Wakaf Produktif Jadi Solusi Kemandirian Ekonomi Umat

Dr. H. Riduwan, S.E., M.Ag. sebagai pemateri dalam Kajian Masjid Islamic Center Universitas Ahmad Dahlan (UAD) (Foto. Mawar)
Masjid Islamic Center Universitas Ahmad Dahlan (UAD) kembali menyelenggarakan Kajian Ahad Pagi pada Ahad, 14 Desember 2025, dengan menghadirkan Dr. H. Riduwan, S.E., M.Ag. sebagai pemateri. Kajian tersebut mengangkat tema “Wakaf Produktif dan Kemandirian Ekonomi Umat.”
Dr. Riduwan menjelaskan bahwa konsep wakaf tidak hanya terbatas pada tanah atau bangunan ibadah, tetapi telah berkembang menjadi wakaf produktif yang mampu mendorong kemandirian ekonomi umat. Ia menyinggung sejarah wakaf modern yang diperkenalkan oleh Prof. M.A. Mannan di Bangladesh melalui pendirian Social Investment Bank Limited (SIBL) pada tahun 1998. Lembaga tersebut menjadi pelopor pengelolaan wakaf secara profesional dengan tujuan utama pengentasan kemiskinan.
Lebih lanjut, Dr.

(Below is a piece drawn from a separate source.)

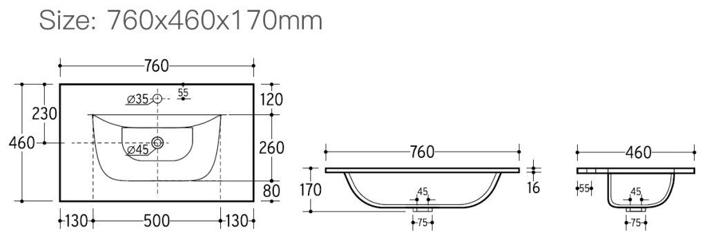 TMP SLIM STRIPE 75 fali függesztett fürdőszobabútor - SKY E-8099-75 porcelán mosdóval - 75 x 46 cm

Riduwan memaparkan bahwa SIBL menghimpun dana wakaf dari masyarakat mampu untuk kemudian dikelola secara produktif dan hasilnya disalurkan bagi kesejahteraan umat. Berbagai instrumen wakaf modern pun diperkenalkan, seperti obligasi wakaf, sertifikat wakaf uang, sertifikat wakaf keluarga, wakaf pembangunan masjid, saham komunitas masjid, hingga pembiayaan al-qard.
Menurutnya, model ini menunjukkan bahwa wakaf memiliki potensi besar sebagai instrumen ekonomi yang berkelanjutan. Melalui kajian ini, jamaah diajak untuk memahami wakaf sebagai bagian dari solusi strategis dalam membangun kemandirian ekonomi umat. (Mawar)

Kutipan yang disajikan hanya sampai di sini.